BEGIN Records provided

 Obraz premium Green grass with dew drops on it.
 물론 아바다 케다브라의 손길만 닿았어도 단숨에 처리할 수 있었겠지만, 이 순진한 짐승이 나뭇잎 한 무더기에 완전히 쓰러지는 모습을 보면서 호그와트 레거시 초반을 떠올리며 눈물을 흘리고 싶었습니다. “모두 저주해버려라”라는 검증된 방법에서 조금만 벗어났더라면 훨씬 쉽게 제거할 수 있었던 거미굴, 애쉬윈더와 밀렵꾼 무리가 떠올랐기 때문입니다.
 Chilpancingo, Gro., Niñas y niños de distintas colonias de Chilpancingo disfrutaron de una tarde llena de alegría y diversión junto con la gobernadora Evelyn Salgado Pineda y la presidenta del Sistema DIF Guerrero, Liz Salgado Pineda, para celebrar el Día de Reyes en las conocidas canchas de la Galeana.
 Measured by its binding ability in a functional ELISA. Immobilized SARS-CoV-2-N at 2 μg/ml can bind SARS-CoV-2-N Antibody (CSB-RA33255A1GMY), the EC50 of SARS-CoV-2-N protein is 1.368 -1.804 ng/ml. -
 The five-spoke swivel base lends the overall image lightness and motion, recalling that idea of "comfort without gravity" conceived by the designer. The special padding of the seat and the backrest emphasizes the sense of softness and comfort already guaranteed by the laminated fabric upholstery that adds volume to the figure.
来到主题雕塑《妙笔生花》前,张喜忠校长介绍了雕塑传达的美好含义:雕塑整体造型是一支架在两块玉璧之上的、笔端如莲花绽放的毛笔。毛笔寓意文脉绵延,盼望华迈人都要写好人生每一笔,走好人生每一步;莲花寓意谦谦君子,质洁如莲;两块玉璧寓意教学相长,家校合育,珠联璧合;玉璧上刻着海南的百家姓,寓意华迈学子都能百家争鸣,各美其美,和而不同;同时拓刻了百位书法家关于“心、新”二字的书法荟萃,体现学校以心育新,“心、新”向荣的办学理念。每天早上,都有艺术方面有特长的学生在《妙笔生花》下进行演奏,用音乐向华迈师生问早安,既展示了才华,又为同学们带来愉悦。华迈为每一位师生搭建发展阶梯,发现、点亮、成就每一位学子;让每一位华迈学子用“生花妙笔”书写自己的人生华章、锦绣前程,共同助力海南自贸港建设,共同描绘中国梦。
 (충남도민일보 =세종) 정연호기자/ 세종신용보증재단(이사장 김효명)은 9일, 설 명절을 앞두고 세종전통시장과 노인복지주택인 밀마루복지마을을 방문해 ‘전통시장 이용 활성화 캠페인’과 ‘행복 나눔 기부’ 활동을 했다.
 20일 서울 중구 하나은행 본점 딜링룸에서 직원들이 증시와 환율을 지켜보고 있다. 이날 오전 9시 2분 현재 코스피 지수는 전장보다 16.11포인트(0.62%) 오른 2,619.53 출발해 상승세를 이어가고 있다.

END Records provided

● The task
What the task asks for is a word-for-word repeat of the lines above, from the first through the one containing "The five-spoke swivel".

● Result for this exercise
 Obraz premium Green grass with dew drops on it.
 물론 아바다 케다브라의 손길만 닿았어도 단숨에 처리할 수 있었겠지만, 이 순진한 짐승이 나뭇잎 한 무더기에 완전히 쓰러지는 모습을 보면서 호그와트 레거시 초반을 떠올리며 눈물을 흘리고 싶었습니다. “모두 저주해버려라”라는 검증된 방법에서 조금만 벗어났더라면 훨씬 쉽게 제거할 수 있었던 거미굴, 애쉬윈더와 밀렵꾼 무리가 떠올랐기 때문입니다.
 Chilpancingo, Gro., Niñas y niños de distintas colonias de Chilpancingo disfrutaron de una tarde llena de alegría y diversión junto con la gobernadora Evelyn Salgado Pineda y la presidenta del Sistema DIF Guerrero, Liz Salgado Pineda, para celebrar el Día de Reyes en las conocidas canchas de la Galeana.
 Measured by its binding ability in a functional ELISA. Immobilized SARS-CoV-2-N at 2 μg/ml can bind SARS-CoV-2-N Antibody (CSB-RA33255A1GMY), the EC50 of SARS-CoV-2-N protein is 1.368 -1.804 ng/ml. -
 The five-spoke swivel base lends the overall image lightness and motion, recalling that idea of "comfort without gravity" conceived by the designer. The special padding of the seat and the backrest emphasizes the sense of softness and comfort already guaranteed by the laminated fabric upholstery that adds volume to the figure.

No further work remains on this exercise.